What is Baseline Grid?
First off, here's an example grid using the CR design. The basic concept is that the baselines of your text line up across all of the columns. The baseline is the bottom of the letters, not including the tails that hang down from letters like "g" and "j". The grid is based on the line height of your text. So if your line height is say, 18 pixels, every line of text will land on a grid of horizontal lines 18 pixels apart. But if your text is not all the same size, say a header is set in a 27 pixel font, you have to increase the white space above the text until you fall down on the next grid line. This white space is the goal of baseline grid, not to create a rigidly geometric design, but to provide for a harmonious evenness of vertical motion.
How I did it
I began designing the site in Photoshop. I chose my font, Georgia, my font size, 13 pixels, and my line height, 18 pixels. Then I set up my grid of horizontal guidelines every 18 pixels, see the example to follow along. With two headers of different sizes for the two columns I had to push the smaller one down until it aligned with the baseline of the larger header which was sitting on the grid. I used margins, padding and design elements to push the header of the right hand column down. The rule for achieving baseline grid becomes this: whenever the text is made larger than the size that is intended to fit on the grid you have to increase the margin above the text until it falls down onto the next gridline. It is often necessary to also add an extra gridline worth of space below the larger text as well.
Having designed the page exactly as I wanted it in Photoshop, I then slapped it together with divs, header tags, lists and paragraphs, using CSS to put them where I wanted them. This was done cross-browser and with much pain caused by IE float and border bugs. Then I put background colors on the various elements and removed all their margins and padding. I took a screenshot of the page as it was and brought it into Photoshop. Then I measured exactly how many pixels the first header needed to be pushed down, made the change to the CSS, and took another screenshot. Working in Mozilla only I went back and forth tweaking CSS and measuring screenshots until I had everything lined up pixel perfect.
Then I pulled up the page in Internet Explorer. Everything was a little bit off. At this point I could have stopped and said good enough. The underlying goal of baseline grid, even whitespacing, had been accomplished. Everything was just off by a few pixels here and there. That is exactly what I decided to do for Mac browsers, but for Internet Explorer on the PC, used by everyone in my audience except for Cybil, I wanted it to be perfect. I created a CSS file that adjusted a few margins here and there and called it in using conditional comments. Again I took screenshots and measuring the differences between them and my original in Photoshop to find the adjustments.

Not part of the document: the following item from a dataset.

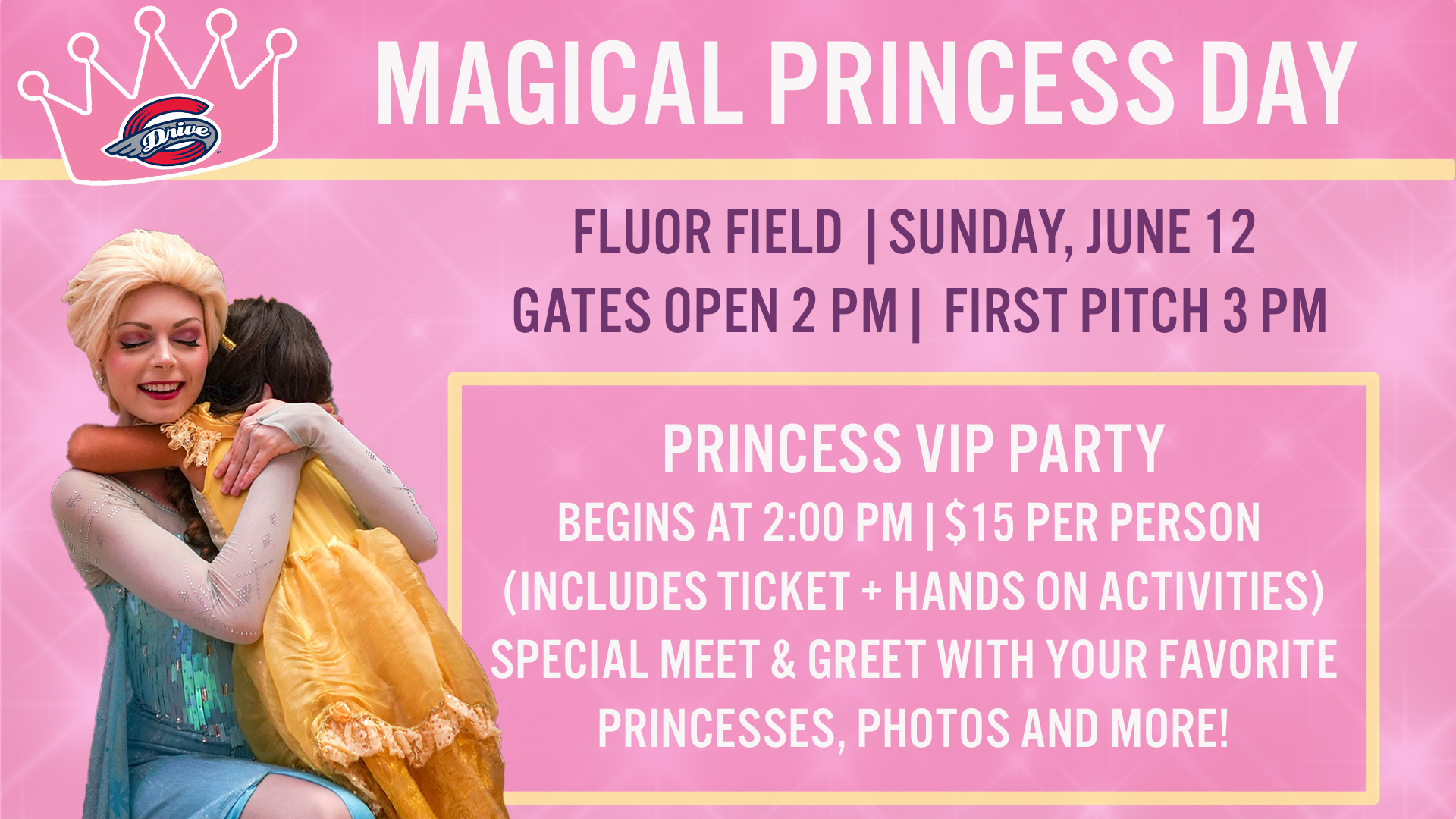 ![]() Please Join us at Fluor Field on Sunday, June 12th for a Magical day! We will have private meet & greets with your favorite princesses, cookie decorating, wand and crown crafts, dance and sing alongs, and more! Please click the link below to reserve your spot! Use code "Princess" when prompted. Get ready for the magical fun with these great new t-shirts and more! Preorder your little princess's t-shirt and pick it up on gameday during the event! ![]() |

Further examination shows that it may be Mozilla who is poorly handling the padding around text wrapped in a span within a header tag, but it's easier to just fix IE with a forward compatible proprietary hack.
So I guess that's it; my flawed and rather rudimentary guess and check system for applying baseline grid. It could be done in a more calculated manner, as Eric Meyer does in On CSS, and it really should be done using em's for font sizes and padding to increase accessibility. But determining that it can be done was my objective, and that has been accomplished.